What is in business, what is free?

Free Enterprise, a concept that forms the basis for free market economies, dictates lack of regulation and other government interference with the economic machinations of society. The Free Enterprise is considering interacting the laws of supply and laws of demand and how they will lead to the “competitive market” with effective price conditions and maximizing productivity if market participants are left on their own facilities. This is a concept perfectly expressed by Adam Smith in his book from 1776 called wealth of nations . There are competitive ideologies with a free enterprise prescription that claims that government regulation is necessary to prevent the abuse of freedom on the market.

The basis of a free enterprise are market participants - sellers and buyers. The laws on supply and demand dictate that if they are without intervention, the free market participants will act to support their individual interests, purchase and selling goods and services until they eventually achieve economic balance. Economic balance is a definitionVana as a point at which the price of goods or services is set at a point where the supply of goods or services will satisfy the demand on the market. Without inequalities of supply or demand, the market will achieve its balance and will work at its greatest level of efficiency.

In 1776, Adam Smith wrote a book entitled The Wealth of Nations , for which the Free enterprise was one of the central topics - although the term art has not yet been invented. Smith writes in detail about the "invisible hands of the market", a mechanism that automatically regulates the free market to facilitate maximum efficiency through market participants trying to meet their own interests. Simply through human predisposition, looking for the best and most effective way, the invisible hand will lead to mutually beneficial cooperation on the market.

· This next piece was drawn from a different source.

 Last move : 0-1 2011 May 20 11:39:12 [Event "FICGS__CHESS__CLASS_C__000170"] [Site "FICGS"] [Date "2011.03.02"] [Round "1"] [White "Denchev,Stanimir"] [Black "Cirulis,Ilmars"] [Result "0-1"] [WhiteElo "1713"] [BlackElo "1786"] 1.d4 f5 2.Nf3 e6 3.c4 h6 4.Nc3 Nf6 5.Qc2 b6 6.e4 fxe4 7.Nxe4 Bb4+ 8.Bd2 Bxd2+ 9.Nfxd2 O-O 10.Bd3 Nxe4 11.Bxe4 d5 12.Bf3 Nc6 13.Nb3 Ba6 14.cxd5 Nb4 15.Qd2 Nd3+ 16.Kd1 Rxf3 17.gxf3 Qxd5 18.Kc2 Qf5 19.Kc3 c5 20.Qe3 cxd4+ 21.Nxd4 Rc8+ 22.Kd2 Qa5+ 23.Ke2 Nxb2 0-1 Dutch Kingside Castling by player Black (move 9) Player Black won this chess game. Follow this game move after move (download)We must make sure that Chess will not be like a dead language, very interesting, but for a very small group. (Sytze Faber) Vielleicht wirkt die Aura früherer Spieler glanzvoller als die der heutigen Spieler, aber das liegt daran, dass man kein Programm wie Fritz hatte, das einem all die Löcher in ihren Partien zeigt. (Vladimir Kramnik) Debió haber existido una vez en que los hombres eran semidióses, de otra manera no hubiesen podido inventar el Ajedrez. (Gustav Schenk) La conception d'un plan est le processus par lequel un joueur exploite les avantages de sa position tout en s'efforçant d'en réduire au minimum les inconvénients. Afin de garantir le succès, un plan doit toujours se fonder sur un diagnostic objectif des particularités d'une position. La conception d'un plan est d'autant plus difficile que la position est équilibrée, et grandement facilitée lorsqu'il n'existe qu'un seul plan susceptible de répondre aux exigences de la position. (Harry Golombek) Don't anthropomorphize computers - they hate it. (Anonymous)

The other side of this argument is that the market regulation is necessary to prevent freedom of abusemarket and many side effects. For example, the government adopts working laws to prevent abuse of workers at a lower level of business owners who have a lot of power on the market. Furthermore, there are side effects that are often not taken into account on the free market, such as pollution that needs to be regulated and may result in a prohibition of the most effective way of doing business. Any external intervention, whether laws, regulations or subsidies, goes against the principles of a free enterprise. The need for such an intervention is where most economic debates lie.